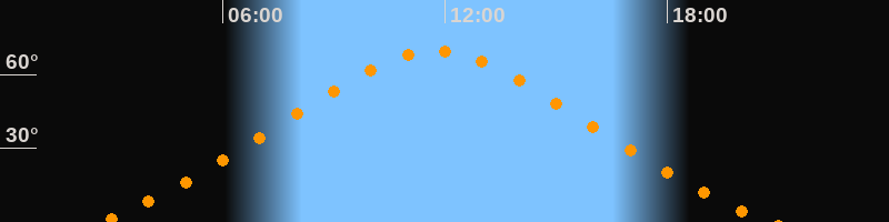 | Höchster Stand (Kulmination) | 11:44 Uhr (h = 69,5°) |
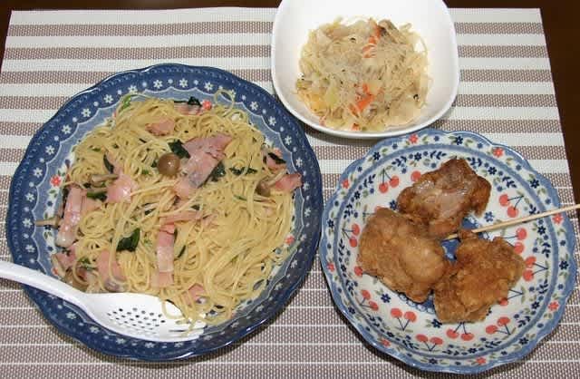 夕食:ほうれん草とベーコンのパスタ、焼きビーフン、縁の唐揚げ
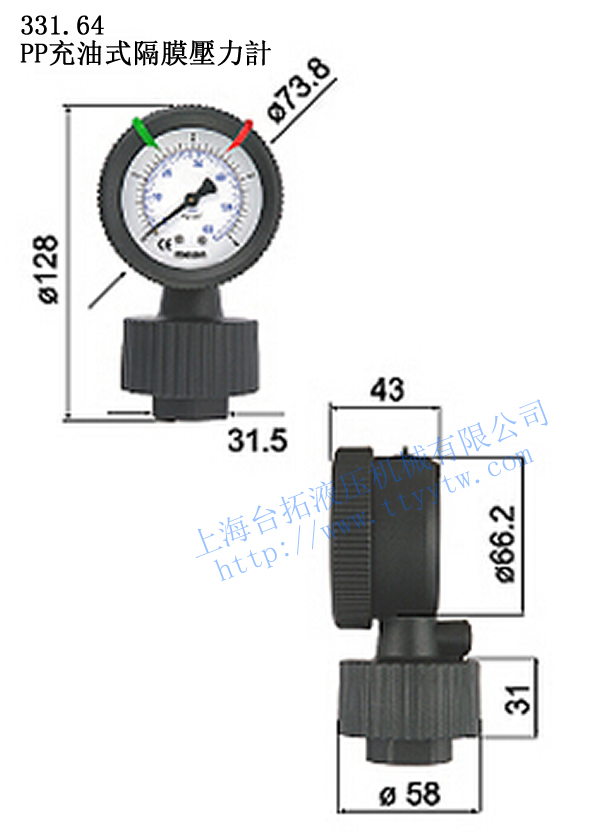 2、PP充油式隔膜壓力表331.64由于一體成型的構(gòu)造,不易產(chǎn)生裂痕以及漏油現(xiàn)象,且具抗腐蝕性。
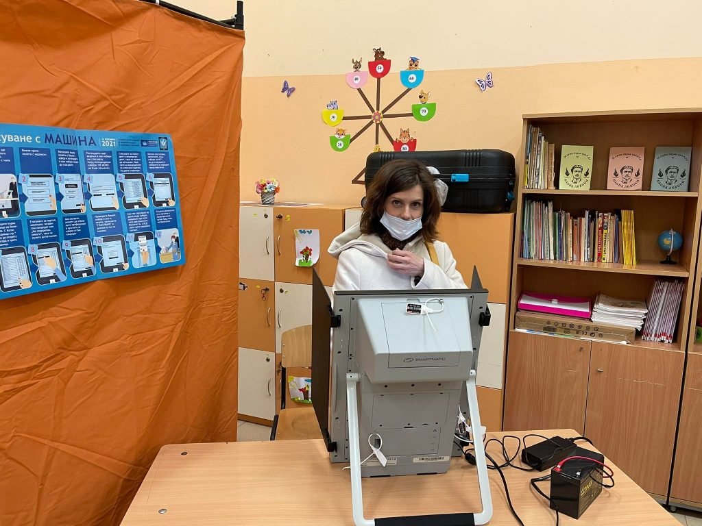 „Гласувах за модерна България, в която времето, уменията и знанието на хората са истински ресурс, който не се хаби. Гласувах за България, в която уважаваме различията си и вървим заедно напред. „, тя след като даде своя вот.
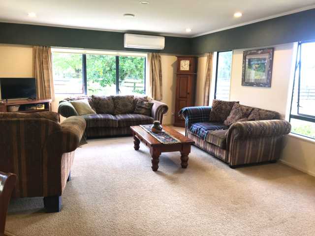 With this property, you’ll avoid water rates. There’s ample off-street parking in the middle of park-like grounds. Plus, you’re just out of town in a nice location — fifteen minutes to central Kerikeri, five minutes to Waipapa. With few visible neighbours, this property is a great combination of privacy, convenience, and countryside!
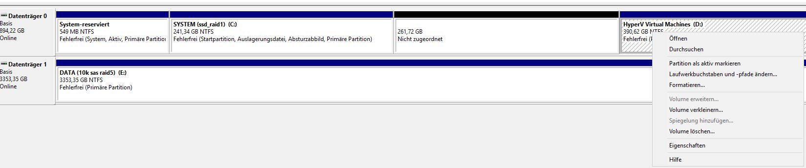 Jetzt wollte ich die HyperV Partition vergrößern, ist jedoch ausgegraut - nehme an da nach zusammenhängend d.h. links davon angezeigt, siehe Anhang.
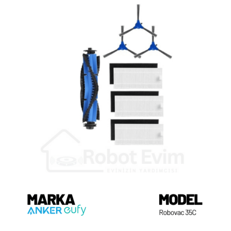 Roidmi marka Eve modeli robot süpürgeniz için Orjinal aksesuar seti. Paket içeriği; 1 adet ana fırça, 2 adet yan fırça, 2 adet hepa filtre
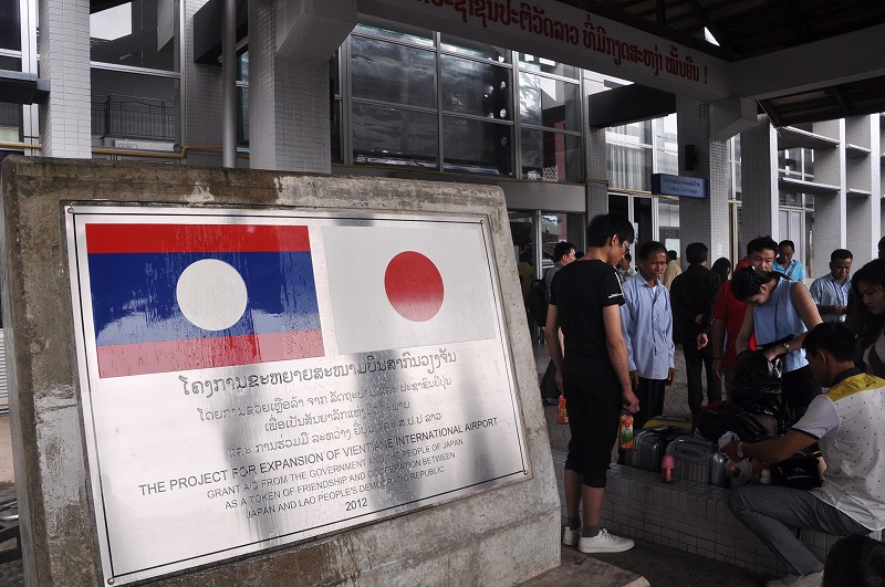 ビエンチャン市内中心部から6キロほど離れている。到着ロビー出口に「日本政府と日本国民の援助で空港拡張工事が進んでいる」と彫られた石碑があった。到着後市内へ行くには、タクシーが無難な乗り物だ。到着ロビーの出口にあるチケット売り場は半ば公認・正式窓口で、市内まで一律57000キップ。770円ほどだ。旅に出ると、念のため、それ以外のタクシーを拾えないものかトライしてみるのが常で、ここでもやってみた。公式窓口で57000キップを確かめた後、到着ロビーの外に出てしばらくうろうろしていたら、「市内まで、タクシー?」と声をかけられた。聞けば「50000キップでいい」という。680円ほどだ。領収書も書くというので、こっちを選んで乗った。結論は正解だった。予約した市内のホテルまでまっすぐ行き、20分ほどで到着。50000キップを払うと、印刷された領収書用紙に金額を書いて渡してくれた。同時に、「滞在中、必要ならここに電話を」と名刺をよこした。なるほど、7000キップ割安なのは、後日の営業をもくろんでのことだったのか。でも、これって正当な行為だな。
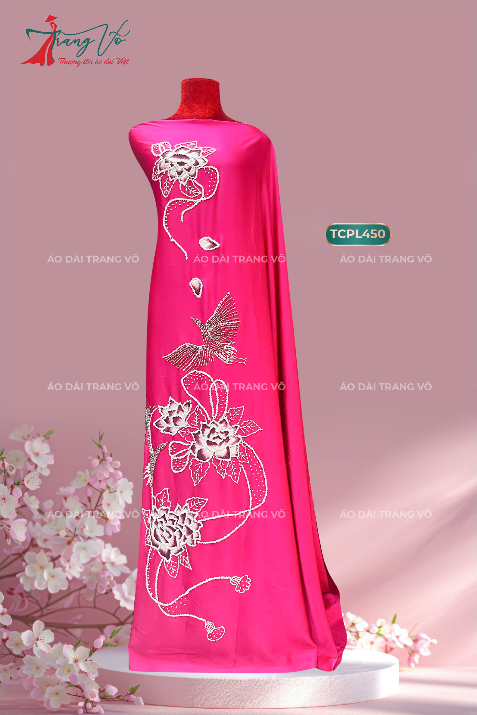 Với chất liệu Lụa Tô Châu cao cấp và chi tiét hoa thêu tay tinh xảo, mẫu vải này mang đến vẻ đẹp sang trọng, nổi bật với hiệu ứng pha lê lấp lánh.
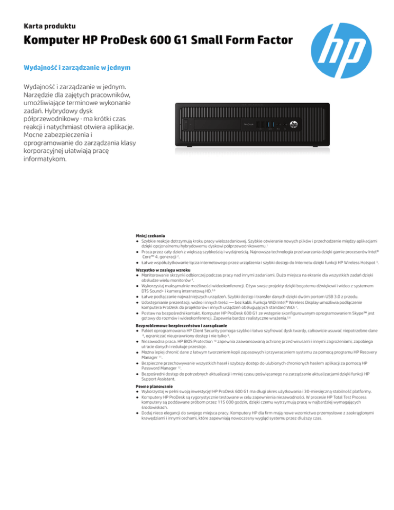 Karta produktu Komputer HP ProDesk 600 G1 Small Form Factor Wydajność i zarządzanie w jednym Wydajność i zarządzanie w jednym. Narzędzie dla zajętych pracowników, umożliwiające terminowe wykonanie zadań. Hybrydowy dysk półprzewodnikowy ma krótki czas reakcji i natychmiast otwiera aplikacje. Mocne zabezpieczenia i oprogramowanie do zarządzania klasy korporacyjnej ułatwiają pracę informatykom. 1 Mniej czekania ● Szybkie reakcje dotrzymują kroku pracy wielozadaniowej. Szybkie otwieranie nowych plików i przechodzenie między aplikacjami dzięki opcjonalnemu hybrydowemu dyskowi półprzewodnikowemu.1 ● Praca przez cały dzień z większą szybkością i wydajnością. Najnowsza technologia przetwarzania dzięki gamie procesorów Intel® Core™ 4. generacji 2. ● Łatwe współużytkowanie łącza internetowego przez urządzenia i szybki dostęp do Internetu dzięki funkcji HP Wireless Hotspot 3. Wszystko w zasięgu wzroku ● Monitorowanie skrzynki odbiorczej podczas pracy nad innymi zadaniami. Dużo miejsca na ekranie dla wszystkich zadań dzięki obsłudze wielu monitorów 4. ● Wykorzystaj maksymalnie możliwości wideokonferencji. Ożyw swoje projekty dzięki bogatemu dźwiękowi i wideo z systemem DTS Sound+ i kamerą internetową HD.5,6 ● Łatwe podłączanie najważniejszych urządzeń. Szybki dostęp i transfer danych dzięki dwóm portom USB 3.0 z przodu. ● Udostępnianie prezentacji, wideo i innych treści — bez kabli. Funkcja WiDi Intel® Wireless Display umożliwia podłączenie komputera ProDesk do projektorów i innych urządzeń obsługujących standard WiDi 7. ● Postaw na bezpośredni kontakt. Komputer HP ProDesk 600 G1 ze wstępnie skonfigurowanym oprogramowaniem Skype™ jest gotowy do rozmów i wideokonferencji. Zapewnia bardzo realistyczne wrażenia.5,6 Bezproblemowe bezpieczeństwo i zarządzanie ● Pakiet oprogramowania HP Client Security pomaga szybko i łatwo szyfrować dysk twardy, całkowicie usuwać niepotrzebne dane 8, ograniczać nieuprawniony dostęp i nie tylko 9. ● Niezawodna praca. HP BIOS Protection 10 zapewnia zaawansowaną ochronę przed wirusami i innymi zagrożeniami; zapobiega utracie danych i redukuje przestoje. ● Można lepiej chronić dane z łatwym tworzeniem kopii zapasowych i przywracaniem systemu za pomocą programu HP Recovery Manager 11. ● Bezpieczne przechowywanie wszystkich haseł i szybszy dostęp do ulubionych chronionych hasłem aplikacji za pomocą HP Password Manager 12. ● Bezpośredni dostęp do potrzebnych aktualizacji i mniej czasu poświęcanego na zarządzanie aktualizacjami dzięki funkcji HP Support Assistant. Pewne planowanie ● Wykorzystaj w pełni swoją inwestycję! HP ProDesk 600 G1 ma długi okres użytkowania i 30-miesięczną stabilność platformy. ● Komputery HP ProDesk są rygorystycznie testowane w celu zapewnienia niezawodności. W procesie HP Total Test Process komputery są poddawane próbom przez 115 000 godzin, dzięki czemu wytrzymują pracę w najbardziej wymagających środowiskach. ● Dodaj nieco elegancji do swojego miejsca pracy. Komputery HP dla firm mają nowe wzornictwo przemysłowe z zaokrąglonymi krawędziami i innymi cechami, które zapewniają nowoczesny wygląd systemu przez dłuższy czas. Karta produktu Komputer HP ProDesk 600 G1 Small Form Factor Tabela specyfikacji Obudowa Small Form Factor Dostępny system operacyjny Windows 10 Pro 64 Windows 10 Home 64 Windows 8.1 Pro 64 Windows 8.1 64 Windows 7 Professional 64 (dostępny poprzez możliwość zmiany wersji Windows 10 Pro na niższą) Windows 7 Professional 32 (dostępny poprzez możliwość zmiany wersji Windows 10 Pro na niższą) Windows 7 Professional 64 (dostępny poprzez możliwość zmiany wersji systemu Windows 8.1 Pro na niższą) Windows 7 Professional 32 (dostępny poprzez możliwość zmiany wersji Windows 8.1 Pro na niższą) Windows 7 Professional 64 Windows 7 Professional 32 SUSE Linux Enterprise Desktop 11 FreeDOS 2.0 Dostępne procesory Intel® Core™ i7-4790S z kartą graficzną Intel HD Graphics 4600 (3,2 GHz, 8 MB pamięci podręcznej, 4 rdzenie); Intel® Core™ i7-4790 z kartą graficzną Intel HD Graphics 4600 (3,6 GHz, 8 MB pamięci podręcznej, 4 rdzenie); Intel® Core™ i7-4771 z kartą graficzną Intel HD Graphics 4600 (3,5 GHz, 8 MB pamięci podręcznej, 4 rdzenie); Intel® Core™ i7-4770 z kartą graficzną Intel HD Graphics 4600 (3,4 GHz, 8 MB pamięci podręcznej, 4 rdzenie); Intel® Core™ i5-4690 z kartą graficzną Intel HD Graphics 4600 (3,5 GHz, 6 MB pamięci podręcznej, 4 rdzenie); Intel® Core™ i5-4670 z kartą graficzną Intel HD Graphics 4600 (3,4 GHz, 6 MB pamięci podręcznej, 4 rdzenie); Intel® Core™ i5-4590 z kartą graficzną Intel HD Graphics 4600 (3,3 GHz, 6 MB pamięci podręcznej, 4 rdzenie); Intel® Core™ i5-4570S z kartą graficzną Intel HD Graphics 4600 (2,9 GHz, 6 MB pamięci podręcznej, 4 rdzenie); Intel® Core™ i5-4570 z kartą graficzną Intel HD Graphics 4600 (3,2 GHz, 6 MB pamięci podręcznej, 4 rdzenie); Intel® Core™ i3-4360 z kartą graficzną Intel HD Graphics 4600 (3,7 GHz, 4 MB pamięci podręcznej, 2 rdzenie); Intel® Core™ i3-4350 z kartą graficzną Intel HD Graphics 4600 (3,6 GHz, 4 MB pamięci podręcznej, 2 rdzenie); Intel® Core™ i3-4340 z kartą graficzną Intel HD Graphics 4600 (3,6 GHz, 4 MB pamięci podręcznej, 2 rdzenie); Intel® Core™ i3-4330 z kartą graficzną Intel HD Graphics 4600 (3,5 GHz, 4 MB pamięci podręcznej, 2 rdzenie); Intel® Core™ i3-4160 z kartą graficzną Intel HD Graphics 4400 (3,6 GHz, 3 MB pamięci podręcznej, 2 rdzenie); Intel® Core™ i3-4150 z kartą graficzną Intel HD Graphics 4400 (3,5 GHz, 3 MB pamięci podręcznej, 2 rdzenie); Intel® Core™ i3-4130 z kartą graficzną Intel HD Graphics 4400 (3,4 GHz, 3 MB pamięci podręcznej, 2 rdzenie); Intel® Pentium® G3450 z kartą graficzną Intel HD Graphics (3,4 GHz, 3 MB pamięci podręcznej, 2 rdzenie); Intel® Penti

INSTRUCTIONS TO FOLLOW:
Produce an exact reproduction of the listing above, limited to the lines starting at the line with "Jetzt wollte ich" and ending at the line with "Với chất liệu", both kept, with every picture left out.

REPLY TO THE EXERCISE:
 Jetzt wollte ich die HyperV Partition vergrößern, ist jedoch ausgegraut - nehme an da nach zusammenhängend d.h. links davon angezeigt, siehe Anhang.
 Roidmi marka Eve modeli robot süpürgeniz için Orjinal aksesuar seti. Paket içeriği; 1 adet ana fırça, 2 adet yan fırça, 2 adet hepa filtre
 ビエンチャン市内中心部から6キロほど離れている。到着ロビー出口に「日本政府と日本国民の援助で空港拡張工事が進んでいる」と彫られた石碑があった。到着後市内へ行くには、タクシーが無難な乗り物だ。到着ロビーの出口にあるチケット売り場は半ば公認・正式窓口で、市内まで一律57000キップ。770円ほどだ。旅に出ると、念のため、それ以外のタクシーを拾えないものかトライしてみるのが常で、ここでもやってみた。公式窓口で57000キップを確かめた後、到着ロビーの外に出てしばらくうろうろしていたら、「市内まで、タクシー?」と声をかけられた。聞けば「50000キップでいい」という。680円ほどだ。領収書も書くというので、こっちを選んで乗った。結論は正解だった。予約した市内のホテルまでまっすぐ行き、20分ほどで到着。50000キップを払うと、印刷された領収書用紙に金額を書いて渡してくれた。同時に、「滞在中、必要ならここに電話を」と名刺をよこした。なるほど、7000キップ割安なのは、後日の営業をもくろんでのことだったのか。でも、これって正当な行為だな。
 Với chất liệu Lụa Tô Châu cao cấp và chi tiét hoa thêu tay tinh xảo, mẫu vải này mang đến vẻ đẹp sang trọng, nổi bật với hiệu ứng pha lê lấp lánh.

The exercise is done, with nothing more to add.